2.11 Without prejudice to our rights to terminate this Agreement and your Service, we may immediately and without liability suspend the Service in the following circumstances: (a) if we reasonably believe you are in breach of any term of this Agreement and any other agreement with us; (b) if you abuse or threaten us, or a member of our staff; (c) if your use of the Service violates any applicable laws or regulations; (d) if we are legally required to suspend or terminate the Service in order to comply with applicable law or regulation including an order, instruction or request of government or other competent authority; (e) if your use of the Service poses a security risk to the Service or any third party or may subject Belldial or any third party to liability; or (f) upon the occurrence or threat of any other event or circumstance for which Belldial reasonably believes that suspension of the Service is necessary to protect the Belldial (or other third parties) network, systems or customers. We may also suspend the Service if we are obliged to comply with an order, instruction or request of government or other competent authority.

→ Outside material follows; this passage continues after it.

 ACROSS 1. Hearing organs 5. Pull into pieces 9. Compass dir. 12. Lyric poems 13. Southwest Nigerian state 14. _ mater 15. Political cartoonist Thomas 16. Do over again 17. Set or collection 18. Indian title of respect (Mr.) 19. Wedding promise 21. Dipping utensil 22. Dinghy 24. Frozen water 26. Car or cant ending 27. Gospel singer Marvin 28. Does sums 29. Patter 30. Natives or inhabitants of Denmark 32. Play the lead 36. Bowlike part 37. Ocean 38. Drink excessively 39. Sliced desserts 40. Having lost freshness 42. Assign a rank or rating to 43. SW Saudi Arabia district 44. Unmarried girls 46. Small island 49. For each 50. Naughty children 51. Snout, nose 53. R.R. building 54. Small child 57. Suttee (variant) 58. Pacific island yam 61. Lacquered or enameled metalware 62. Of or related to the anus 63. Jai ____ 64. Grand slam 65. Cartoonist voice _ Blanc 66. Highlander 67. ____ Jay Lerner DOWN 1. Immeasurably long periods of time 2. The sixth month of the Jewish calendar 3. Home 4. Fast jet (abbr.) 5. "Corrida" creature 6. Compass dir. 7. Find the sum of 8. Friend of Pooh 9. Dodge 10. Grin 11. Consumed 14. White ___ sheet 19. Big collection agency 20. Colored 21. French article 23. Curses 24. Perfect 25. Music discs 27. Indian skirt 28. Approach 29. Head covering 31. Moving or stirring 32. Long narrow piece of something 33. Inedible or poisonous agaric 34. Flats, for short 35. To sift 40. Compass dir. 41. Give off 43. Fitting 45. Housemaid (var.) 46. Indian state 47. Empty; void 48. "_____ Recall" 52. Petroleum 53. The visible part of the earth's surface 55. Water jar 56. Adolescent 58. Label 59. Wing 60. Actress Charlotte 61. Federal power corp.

2.12 We may terminate this Agreement and your Service immediately upon written notice if you are subject to a Change of Control. In this clause, the term “Control” shall mean the possession by any person(s) directly or indirectly of the power to direct or cause the direction of another person and “Change of Control” is to be construed accordingly. You will notify us in writing of this within 14 days after the Change of Control. If we have not exercised our right of termination under this clause within 45 days following receipt of notice of your Change of Control, that right of termination will expire.
2.13 We can end this Agreement and any other agreement with us and terminate your Service immediately upon notifying you by email if:
2.13.1 you breach this Agreement and fail to remedy the breach within a reasonable time specified in a written notice from us to do so;
2.13.2 you fail to make any payment when due;
2.13.3 you make, or offer to make, an arrangement with your creditors; you commit an act of bankruptcy; someone brings a petition, receiving an order or administration order against you to make you bankrupt, you are a limited company and a resolution to wind you up is passed or a receiver or administrator is appointed over all or part of your assets or if anything analogous to the foregoing occurs. We can also end this Agreement and any other agreement with us if we consider any of these things or something similar may happen;
2.13.4 any regulatory change affecting our ability to offer the Service is introduced, including but not limited to any authorisation or licence under which we provide the Service expiring or being revoked.

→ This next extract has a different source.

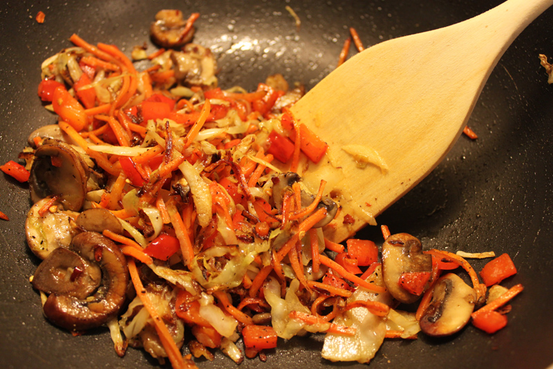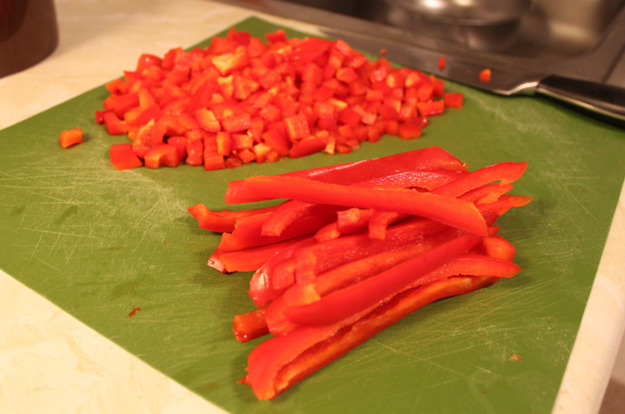 Ah, but sometimes you have to take some help from the store, as Rachael Ray would say, because breaking down carrots into slivers and shredding up cabbage seemed like slave labor compared to the rest of my lovely and restful long weekend. So the only thing I really had to chop up was these here red peppers:

2.14 We may terminate this Agreement and your Service at any time for convenience upon giving you not less than 30 days’ prior written notice without liability to you. If we give notice of termination for convenience during the Minimum Term no early termination charges will apply.

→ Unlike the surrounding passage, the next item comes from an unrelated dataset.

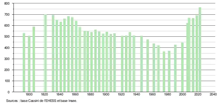 | L'évolution du nombre d'habitants est connue à travers les recensements de la population effectués dans la commune depuis 1793. Pour les communes de moins de 10 000 habitants, une enquête de recensement portant sur toute la population est réalisée tous les cinq ans, les populations de référence des années intermédiaires étant quant à elles estimées par interpolation ou extrapolation[25]. Pour la commune, le premier recensement exhaustif entrant dans le cadre du nouveau dispositif a été réalisé en 2008[26]. En 2022, la commune comptait 763 habitants[Note 5], en évolution de +12,87 % par rapport à 2016 (Haute-Garonne : +8,02 %, France hors Mayotte : +2,11 %). |

2.15 We may terminate this Agreement and your Service immediately upon written notice at any time without liability to you if any underlying arrangement between us and any other third party operator or supplier is terminated for whatever reason.
2.16 Upon any suspension or termination by us, you are responsible for all charges under your account that would have been payable but for suspension or termination, including without limitation unbilled charges, applicable early termination charges and any other charges all of which immediately become due and payable. If we terminate this Agreement before the end of the Minimum Term as set out in clause 3.1, due to your breach of this Agreement or for any of the reasons set out clauses 2.6, 2.7, 2.11, 2.12, 2.13.1, 2.13.2, 2.13.3, 4.1, 4.2, 4.6, 5.1, 13.1 or 13.2, then without prejudice to any other remedy available to us under this Agreement or at law, you will pay to us as liquidated damages for early termination (being a genuine pre-estimate of the loss and damage we would suffer as a result of early termination) the monthly Service charges that would have been payable to us up until the end of the Minimum Term. We shall immediately charge all these amounts to your account. We may or may not agree to restore your Service. Before we agree to restore your Service a re-activation fee (details of which are set on our website) will be charged.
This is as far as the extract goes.